With pictures left out, please repeat word for word the lines from the one containing "卵焼き器に薄くサラダ油をひき" through the end of the records.

Stored items:
▽
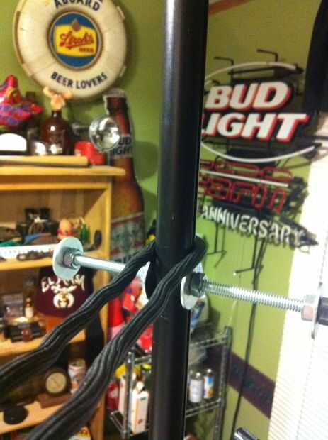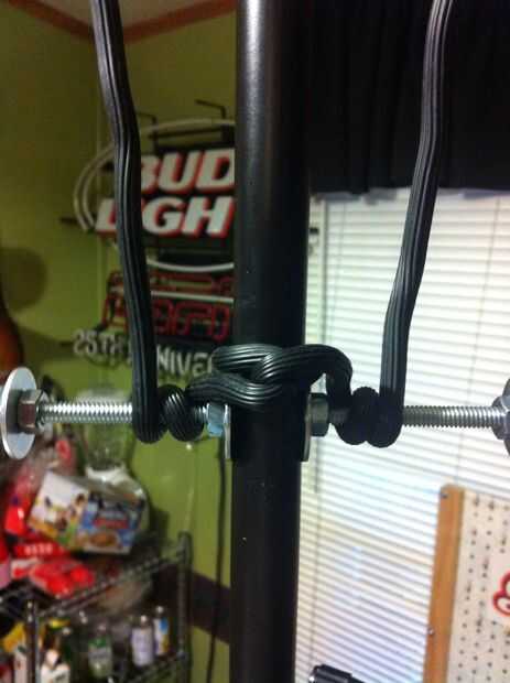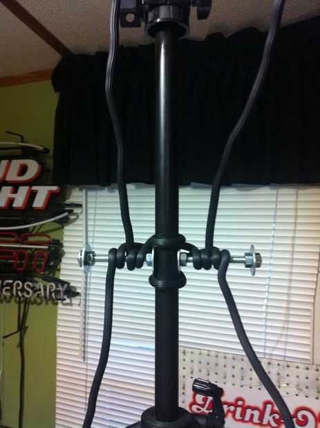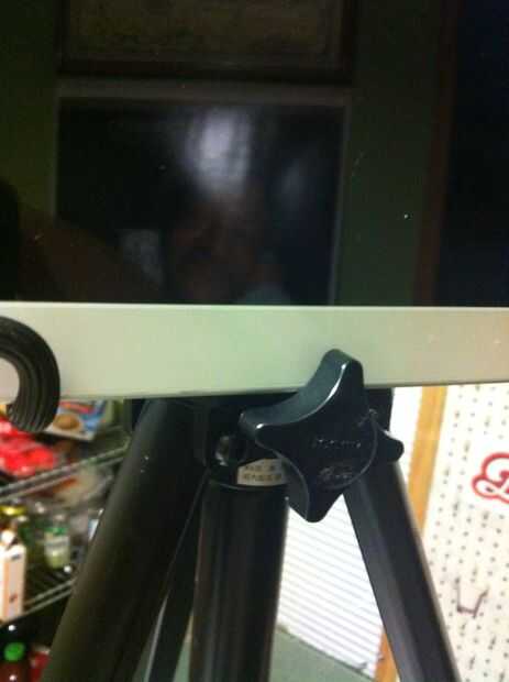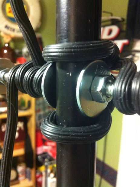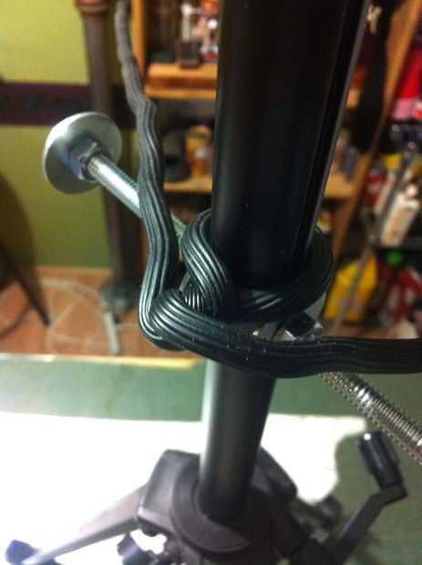 Nota: usted quiere las primeras porciones retorcidas de los lazos del engranaje que por el contrario lado te estás iPad será el. La parte del primer doblez de los lazos del engranaje será suficiente para mantener su iPad de frotamiento contra las arandelas de metal. La perilla de ajuste para el tubo de extensión de trípode añade un pequeño extra protección para tu iPad.
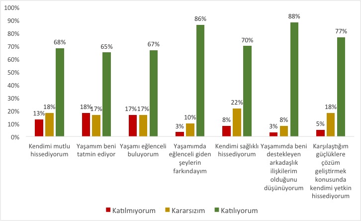 Benim katılımcılarımın % 68’i kendilerini mutlu hissettiklerini söylediler. Biraz alt başlıklara bakınca, kadınlar erkeklere göre daha mutlu, daha sağlıklı, daha fazla arkadaş ilişkisine sahip ve güçlüklere çözüm üretme konusunda daha yetkin hissettiklerini belirttiler. Erkeklerse, yaşamı eğlenceli bulma konusunda daha yukarıda bir sonuca sahipler. Evlilerin tüm parametreleri bekarlara göre daha yüksek çıkarken, 40 yaş üzeri katılımcılar, daha gençlere göre tüm parametrelerde daha yüksek memnuniyet belirttiler. Benim basitleştirilmiş anketim, zorluklara bakış açısının, arkadaş ilişkilerinin, yaşama daha ileri bir yaştan bakmanın ve yaşamı birileri ile paylaşmanın mutluluk diye tanımladığımız şey her neyse onun üzerinde olumlu etkisi olduğuna yönelik ipuçları verdi ve aslında bu konuda söylenenleri de destekledi diye düşünüyorum. Bildiğim bir şey daha kısa anketim tarafından desteklendi, o da mutluluğu tanımlar mısınız dediğimde yapılan tanımların birbirinden ne kadar da farklı olduğu, yani mutluluk dediğimizde aslında en yakınımızdaki insanla bile aynı şeyden bahsetmiyor olabileceğimiz hali :)
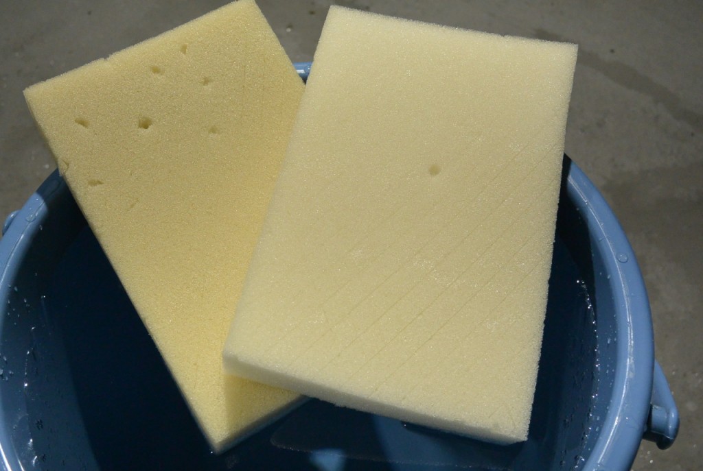 写真は本日使用した洗車スポンジです。洗車傷の一番の原因は、砂や泥の粒を引きずってしまうことです。洗車中も勿論ですが、1台洗うごとに、一粒の砂も残さないようにスポンジを洗います。所々スポンジが欠けているのは、中に入った砂粒を取り出した跡です。スポンジが白いのは、砂粒を見つけやすいからです。
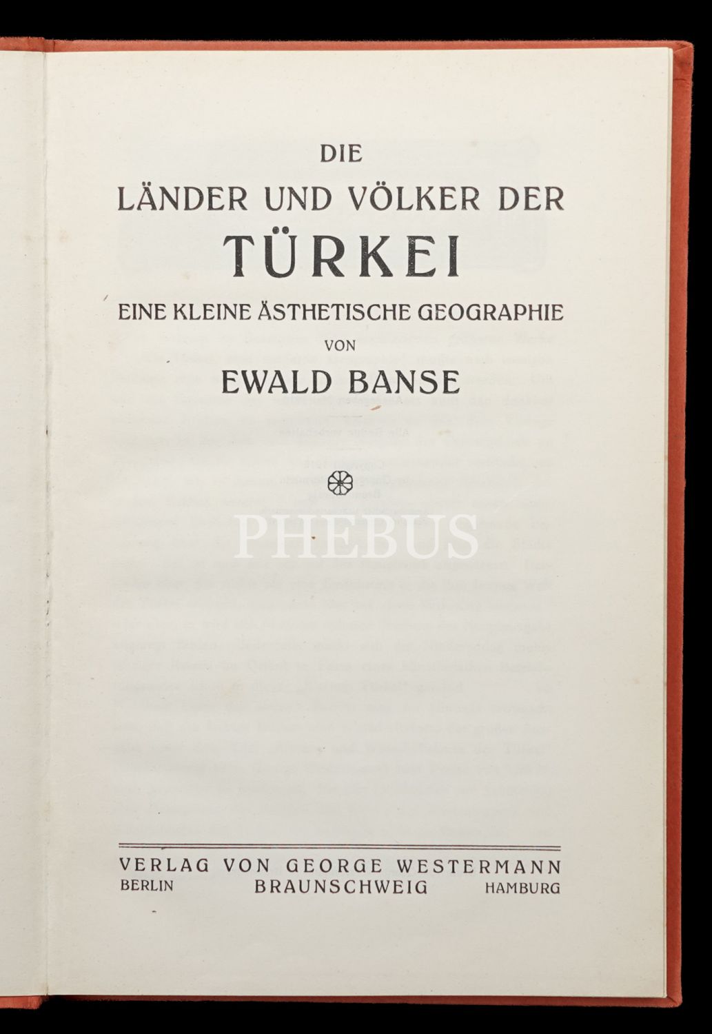 DIE LANDER UND VÖLKER DER TÜRKEI EINE KLEINE ASHETISCHE GEOGRAPHIE, Ewald Banse, George Westermann Berlin-Braunschweig Hamburg, 1916, 126 sayfa, 17x25 cm...
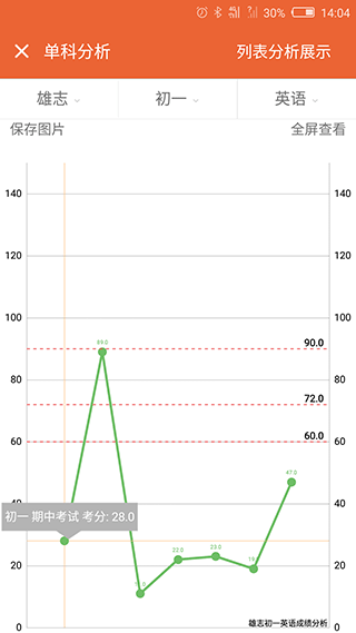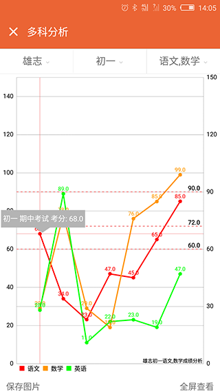 2、点击单科分析按钮即可查看该科目的成绩分析图表。
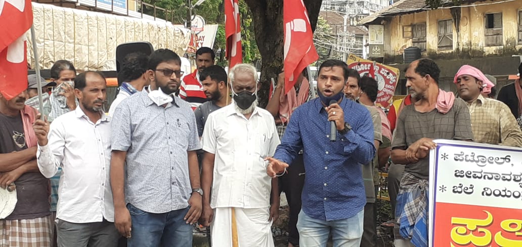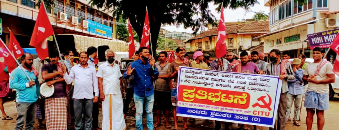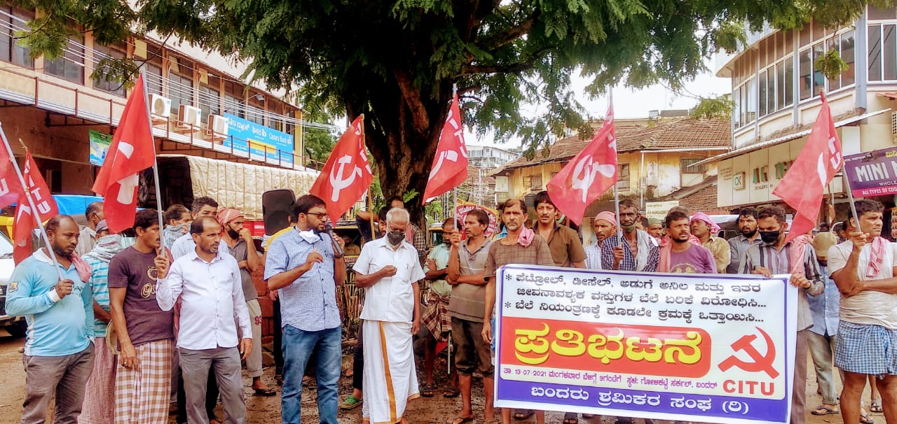 ಮಂಗಳೂರು, ಜು.13: ಪೆಟ್ರೋಲ್, ಡೀಸೆಲ್, ವಿದ್ಯುತ್, ಗ್ಯಾಸ್ ಮತ್ತಿತರ ಜೀವನಾವಶ್ಯಕ ವಸ್ತುಗಳ ಬೆಲೆ ಏರಿಕೆಯನ್ನು ವಿರೋಧಿಸಿ ಬಂದರು ಶ್ರಮಿಕರ ಸಂಘದ ವತಿಯಿಂದ ಹಳೆ ಬಂದರು ಸಗಟು ಮಾರುಕಟ್ಟೆಯ ಗೋಳಿಕಟ್ಟೆ ವೃತ್ತದ ಬಳಿ ಮಂಗಳವಾರ ಪ್ರತಿಭಟನೆ ನಡೆಸಲಾಯಿತು.
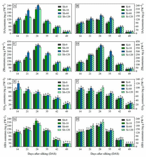 The IAA and ZR contents in maize grains exhibited a similar pattern during the grain filling process. The IAA and ZR contents increased linearly during the initial grain-filling stage and attained the maximum peak curves at 28 DAS for all treatments (Figure 3A–D). The IAA and ZR contents under shank-treatments were greater than those under Sh-0 from 14 to 28 DAS. Compared with Sh-0, the average IAA contents from 14 to 28 DAS under Sh-10, Sh-60 and Sh-120 were increased by 50.2%, 82.7%, and 50.7%, respectively, while the average ZR contents from 14 to 28 DAS increased by 23.6%, 41.0%, and 14.6% under Sh-10, Sh-60 and Sh-120 treatments, respectively. The IAA contents in grains under the Si-60 and Si-120 treatments were greater than those under Si-0 from 14 to 49 DAS, respectively. Compared with Si-0, the mean IAA contents at all sampling stages of Si-60 and Si-120 were raised by 32.4% and 20.3%, respectively. At 49 DAS, Si-10 treatments have no significant effects on ZR contents in maize grains; however, the ZR contents in the grains under other shank-smearing and silk-treatments in every sampling period were significantly higher than those under Sh-0 and Si-0. The mean ZR contents under Sh-10, Sh-60, and Sh-120 treatments were increased by 25.5%, 45.2%, and 24.0%, respectively, compared with Sh-0, while those of Si-10, Si-60, and Si-120 increased by 20.7%, 37.0%, and 22.0%, respectively, compared with Si-0.
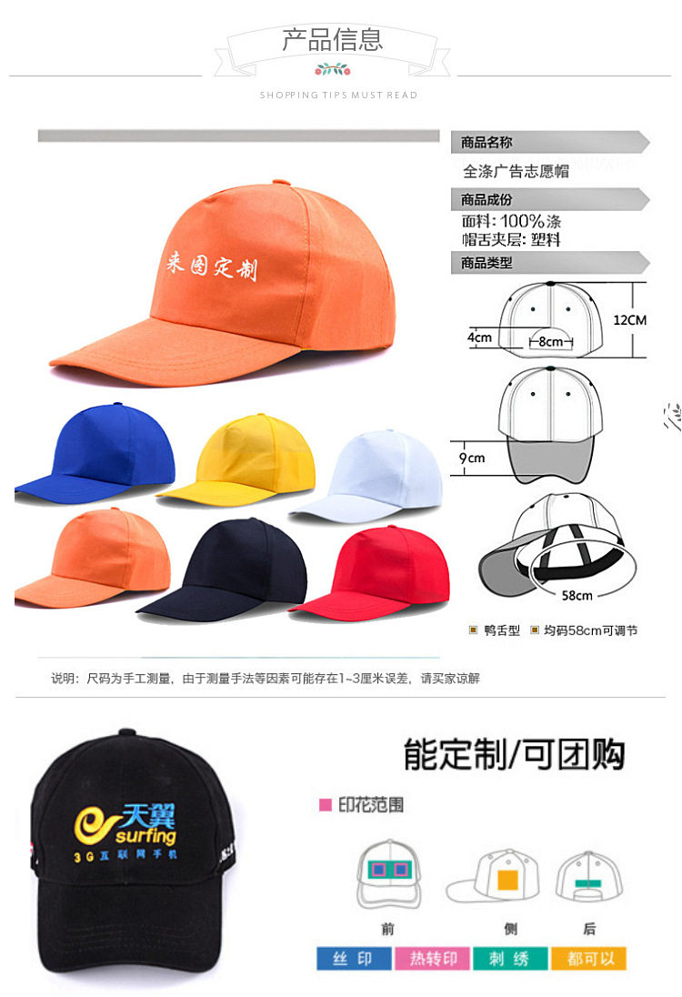 四、光板帽子50顶起售,印字帽子30顶起售。详情请联系卖家。
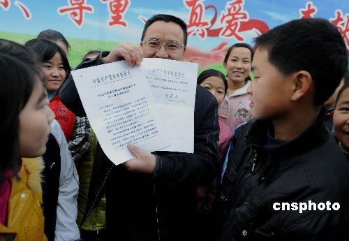 吳天春校長(zhǎng)和同學(xué)們兩天前受到胡總書(shū)記的看望,一位羌族女學(xué)生向臨告別時(shí)的總書(shū)記送上一封信和學(xué)校震后重建規(guī)劃圖的賀年片,兩天后就收到從成都轉(zhuǎn)來(lái)總書(shū)記的回信。
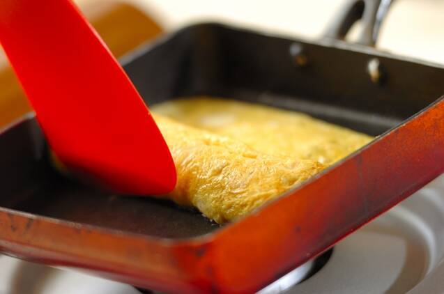 卵焼き器に薄くサラダ油をひき、中火で熱する。<卵液>を薄く流し入れて、手前に巻く。奥に寄せる。
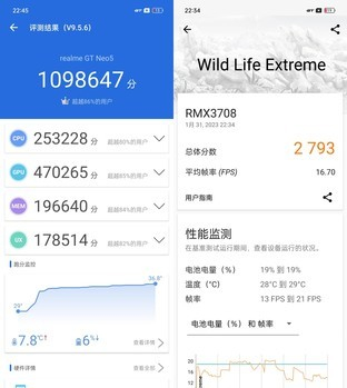 作为“潮玩电竞旗舰”,真我GT Neo5在性能方面自然也不会落下,骁龙8+处理器搭配LPDDR5X内存以及增强版UFS 3.1闪存,整体配置在当下的手机市场仍然算得上是第一梯队。为了验证其性能表现,我们首先请出评测编辑们的“好朋友”安兔兔和3D Mark,对这款手机进行跑分测试。可以看到,安兔兔成绩达到了1098647分,3D Mark成绩达到2793分,表现十分出色。
△
# SOLUTION BELOW
 卵焼き器に薄くサラダ油をひき、中火で熱する。<卵液>を薄く流し入れて、手前に巻く。奥に寄せる。
 作为“潮玩电竞旗舰”,真我GT Neo5在性能方面自然也不会落下,骁龙8+处理器搭配LPDDR5X内存以及增强版UFS 3.1闪存,整体配置在当下的手机市场仍然算得上是第一梯队。为了验证其性能表现,我们首先请出评测编辑们的“好朋友”安兔兔和3D Mark,对这款手机进行跑分测试。可以看到,安兔兔成绩达到了1098647分,3D Mark成绩达到2793分,表现十分出色。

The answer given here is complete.